Task instructions: Print the data below exactly as it stands, and keep the pictures out.

Recorded data:
○ ○ ○ ○ ○ ○ ○

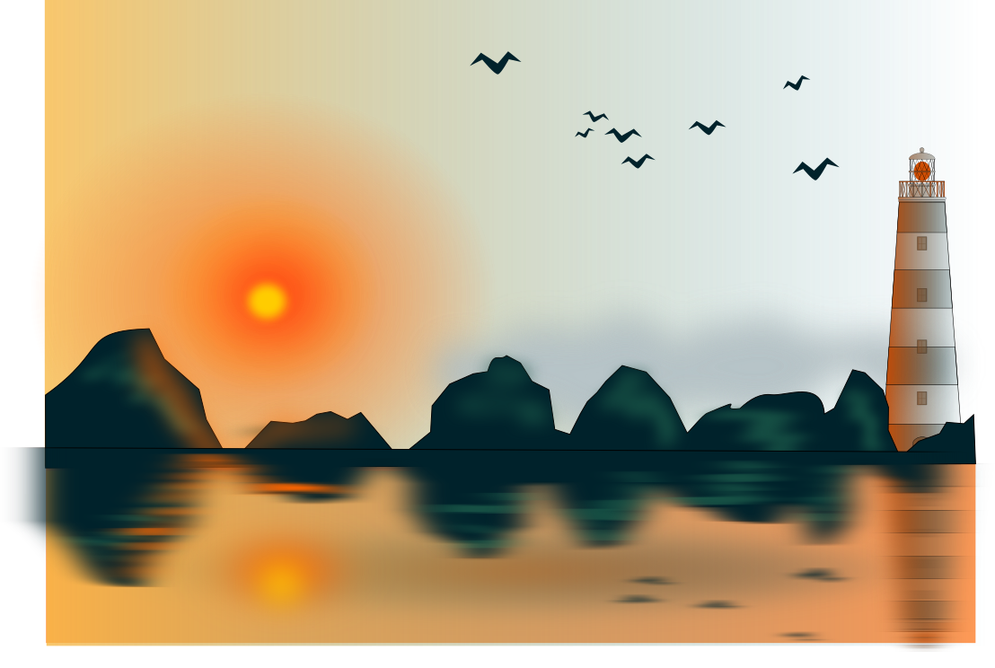 This features a beautiful sunset over the ocean, with a lighthouse towering in the background. The sky is filled with birds flying around, creating a serene and picturesque scene. There are at least 13 birds visible in various positions across the sky, some closer to the lighthouse while others fly further away. The sunset casts warm hues over the ocean, making it an ideal setting for this peaceful moment.
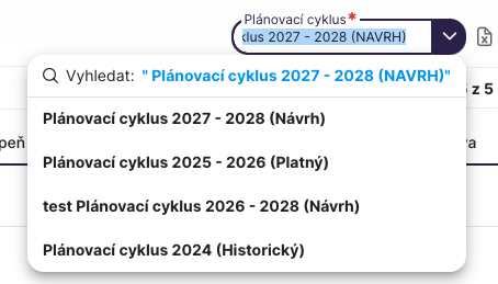 Uživatel pro práci v modulu hospodářské mobilizace musí vybrat v pravé horní části obrazovky konkrétní plánovací cyklus. Pro zobrazení požadavků na MD nebo dalších kategorií v modulu Hospodářské mobilizace může vybrat plánovací cyklus ve stavu Platný nebo Historický (nebude moci žádný záznam editovat či přidávat nový).
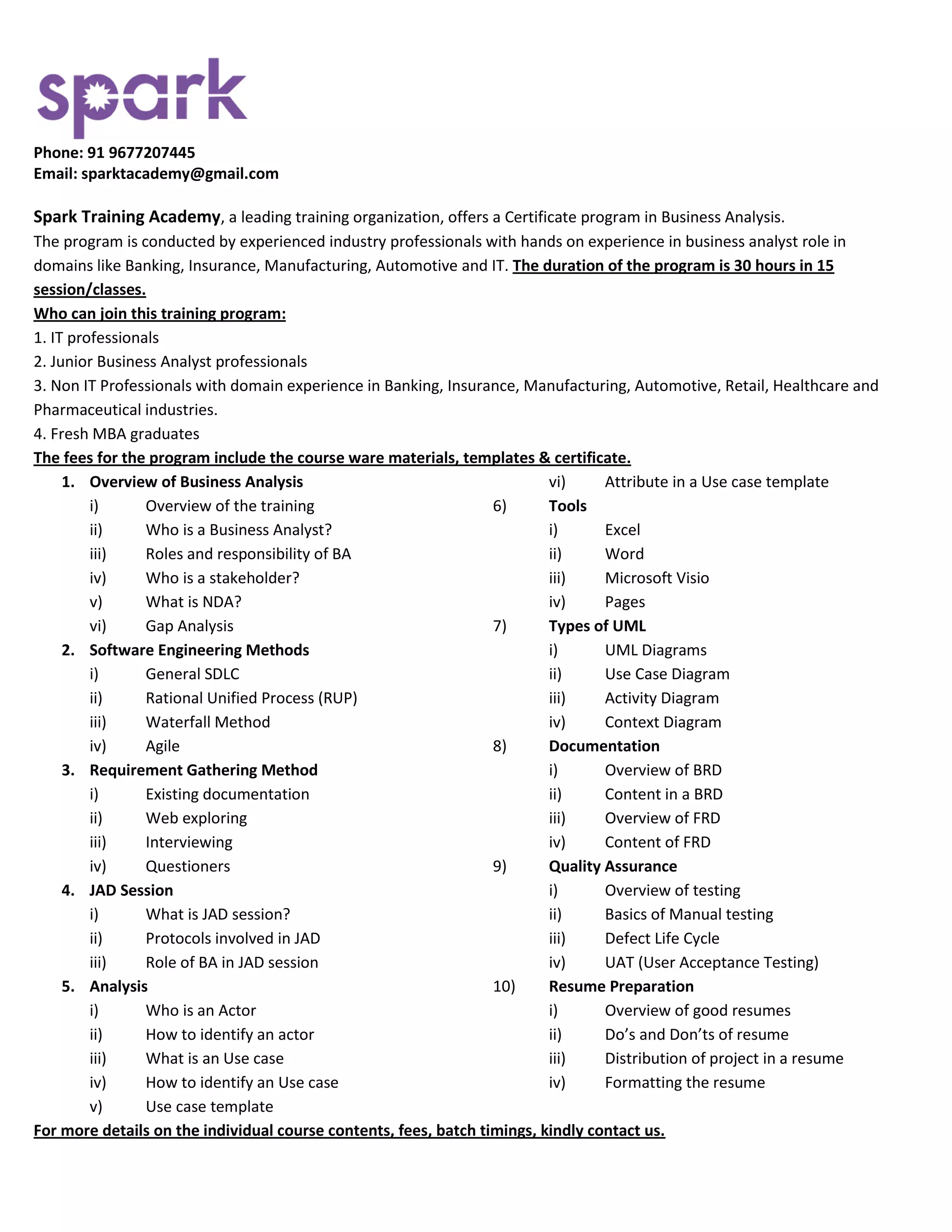 Spark Training Academy offers a 30-hour certificate program in business analysis conducted by experienced industry professionals over 15 sessions. The program covers topics like business analysis roles and responsibilities, requirement gathering, use case modeling, documentation, and testing. It is aimed at IT professionals, junior business analysts, and non-IT professionals from various domains like banking, insurance, and manufacturing. The fees include course materials, templates, and a certificate upon completion.
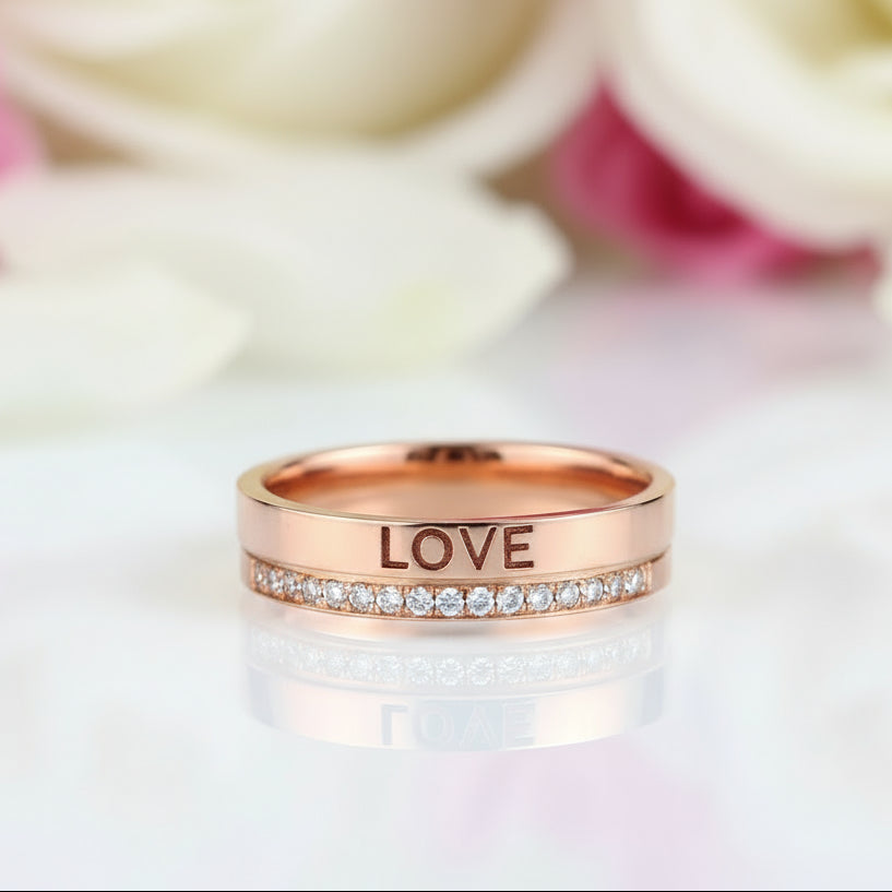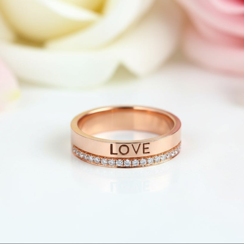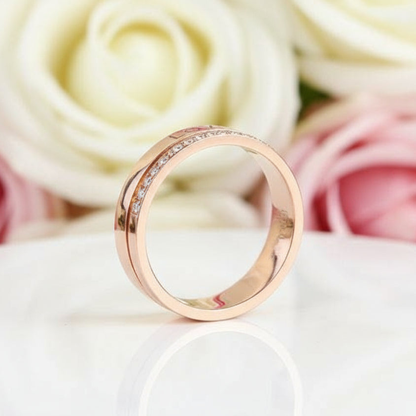 14k Rose Gold Love Wedding Band 0.12ct Natural Diamonds

○ ○ ○ ○ ○ ○ ○

Answer to this problem:
 This features a beautiful sunset over the ocean, with a lighthouse towering in the background. The sky is filled with birds flying around, creating a serene and picturesque scene. There are at least 13 birds visible in various positions across the sky, some closer to the lighthouse while others fly further away. The sunset casts warm hues over the ocean, making it an ideal setting for this peaceful moment.
 Uživatel pro práci v modulu hospodářské mobilizace musí vybrat v pravé horní části obrazovky konkrétní plánovací cyklus. Pro zobrazení požadavků na MD nebo dalších kategorií v modulu Hospodářské mobilizace může vybrat plánovací cyklus ve stavu Platný nebo Historický (nebude moci žádný záznam editovat či přidávat nový).
 Spark Training Academy offers a 30-hour certificate program in business analysis conducted by experienced industry professionals over 15 sessions. The program covers topics like business analysis roles and responsibilities, requirement gathering, use case modeling, documentation, and testing. It is aimed at IT professionals, junior business analysts, and non-IT professionals from various domains like banking, insurance, and manufacturing. The fees include course materials, templates, and a certificate upon completion.
 14k Rose Gold Love Wedding Band 0.12ct Natural Diamonds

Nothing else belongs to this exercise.